Jenny was glad to have finally found a reason for being. She'd had trouble finding any reason but was actively searching. Her lack of interest in just about everything had isolated her. She was always on the periphery of conversations at her school, simulating interest and nodding and pretending to laugh or gasp at the right times but never truly engaging. She was no one's best friend or worst enemy. She was just Jenny. 'Oh, it's just Jenny', people said. Even her mother said it. Just Jenny, someone adults kept alive and healthy to see what might become of her. Well, she had decided what she was going to become and, my oh my, what she became.

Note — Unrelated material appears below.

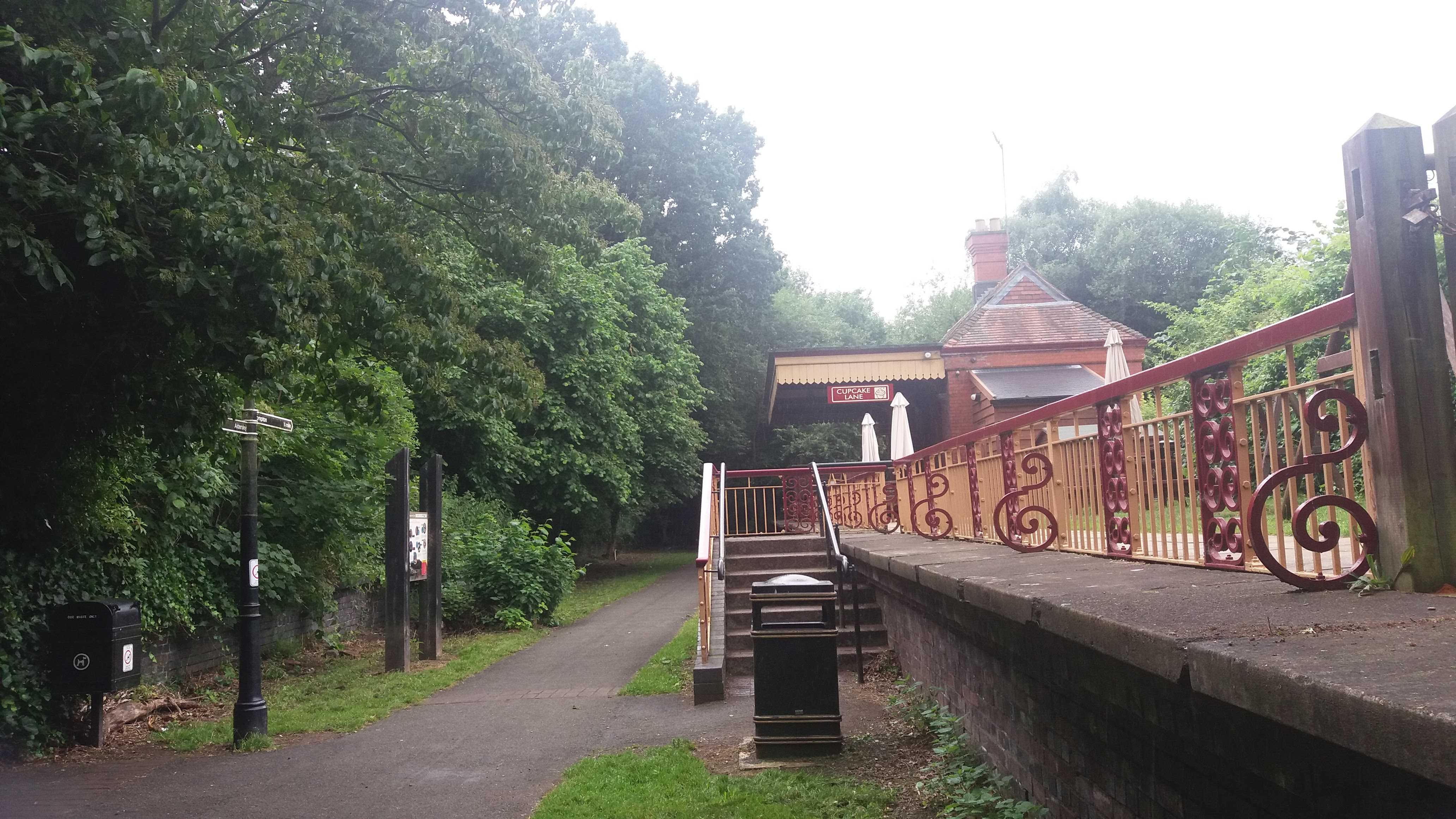 My own.

Despite her persistence, Jenny's online forum contributions and Facebook posts always went unacknowledged. That is until Aarzam from Luton (a place in England) started responding to her because she responded to him. He kept going on about God and justice and all this stuff and Jenny asked him what he was talking about. What followed was a correspondence that lasted for months. Jenny didn't really care what they were talking about, the important thing was that they were talking. Jenny never had a point of view on anything so she consciously decided to adopt Aarzam's point of view on everything. Not everyone agreed with Aarzam, in fact some people thought he was crazy or evil, but he got people's attention and attention was something Jenny craved.

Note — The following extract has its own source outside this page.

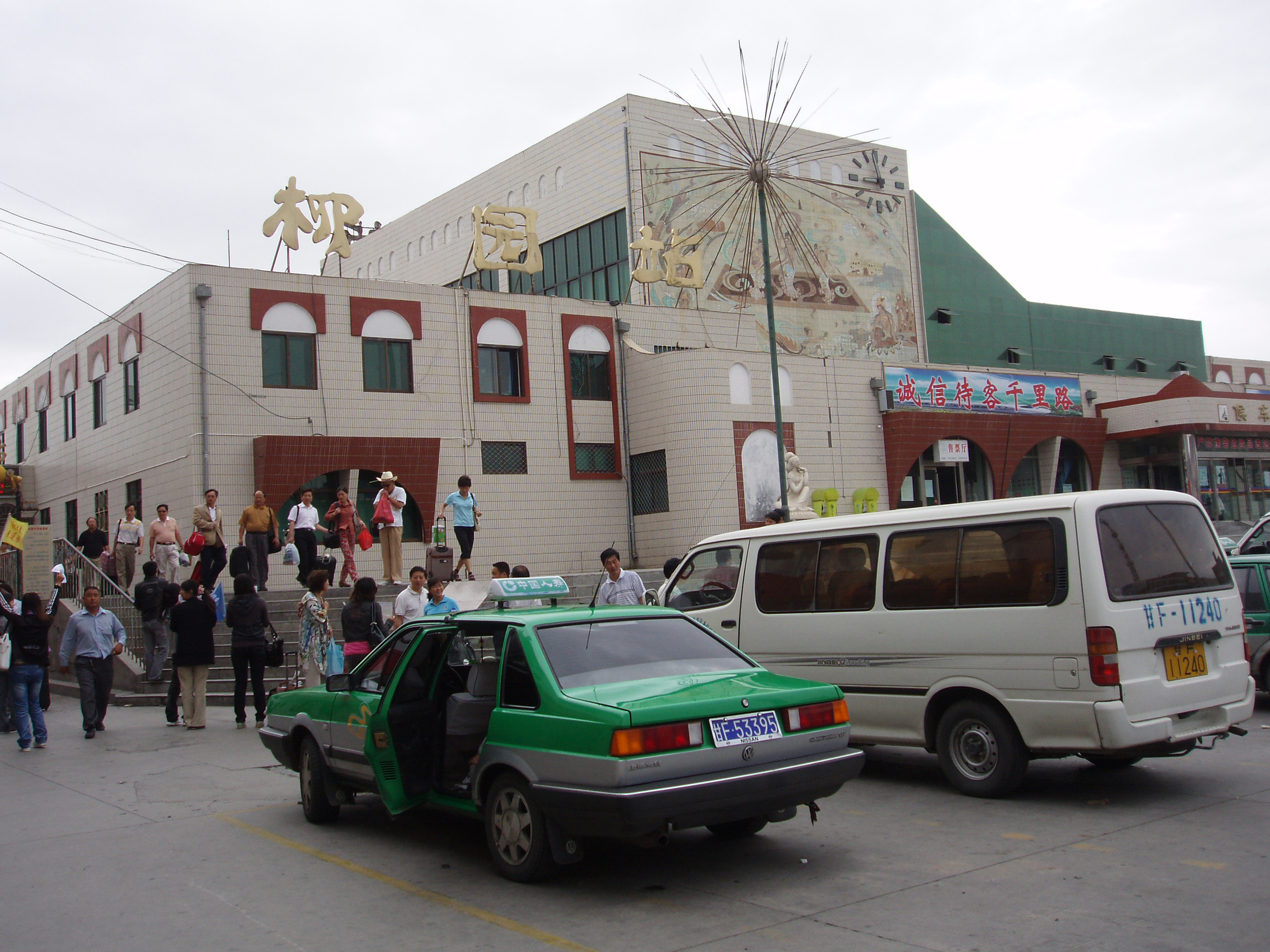 Liuyuan railway station in Gansu,China,to Mogao Caves.

Anyhoo, as the girl in question would put it herself, this all led to Jenny being stopped at the airport and asked to step into a back room to answer some questions. She told them, flatly (everything she said came out flatly) that her destination was Syria and that she was joining her boyfriend. The airport security were nonplussed by this strange girl in a homemade burka fashioned from a bed sheet dyed black. Things became even more confusing when they asked Jenny where she was from. South County Dublin was the answer but her accent was clearly United States. She told them her 'mom' spoke like that too. She was asked if her 'mom' was American. 'I don't think so', Jenny said. They asked Jenny if she had ever been to the United States. Jenny said she hadn't. They asked Jenny why she had an American accent. Jenny wasn't aware that she had an American accent and said it might be because she 'watched a lot of shows'.

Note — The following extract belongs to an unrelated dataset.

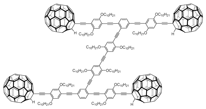 Chemical structure of a nanocar. The wheels are C60 fullerene. Shirai, Y. et al. (2005). "Directional Control in Thermally Driven Single-Molecule Nanocars". Nano Lett. 5: 2330. PMID 16277478.

So, like, anyways, things turned into a really big deal. Aarzam had been seen in a viral where a non-unionised freelance journalist got beheaded. Jenny became the opposite of famous, infamous, for a while but then she just became famous when she renounced her newfound beliefs and ran a mini-marathon in aid of something, she wasn't quite sure what. This was all on the advice of an agent Jenny's mother employed. 'We're going to need someone to handle this Goddamn fucking shit storm', was Jenny's mother's reasoning.

The newspapers and the TV went crazy and spoke to the other kids in Jenny's school and they said that she always seemed like she was keeping secrets. Jenny didn't know they thought that about her. It was kind of cool. Better than boring. Jenny went from being 'Just Jenny' to 'Jihad Jenny' in the space of a few days. Some professor guy called Schlemp wanted to talk to her for a book he was writing called 'Online Anomie International: Islamic Extremism and the Search for Likes'. They were going to make a movie too with Saoirse Ronan acting as Jenny. 'She's OK I guess, she's kind of old though', Jenny told Ryan Tubridy on The Late Late Show. Ryan asked Jenny if she'd lift her burka and give the audience a peek at her pretty face. Jenny did. There was a big round of applause and then Ryan gave everyone a hamper of beauty products.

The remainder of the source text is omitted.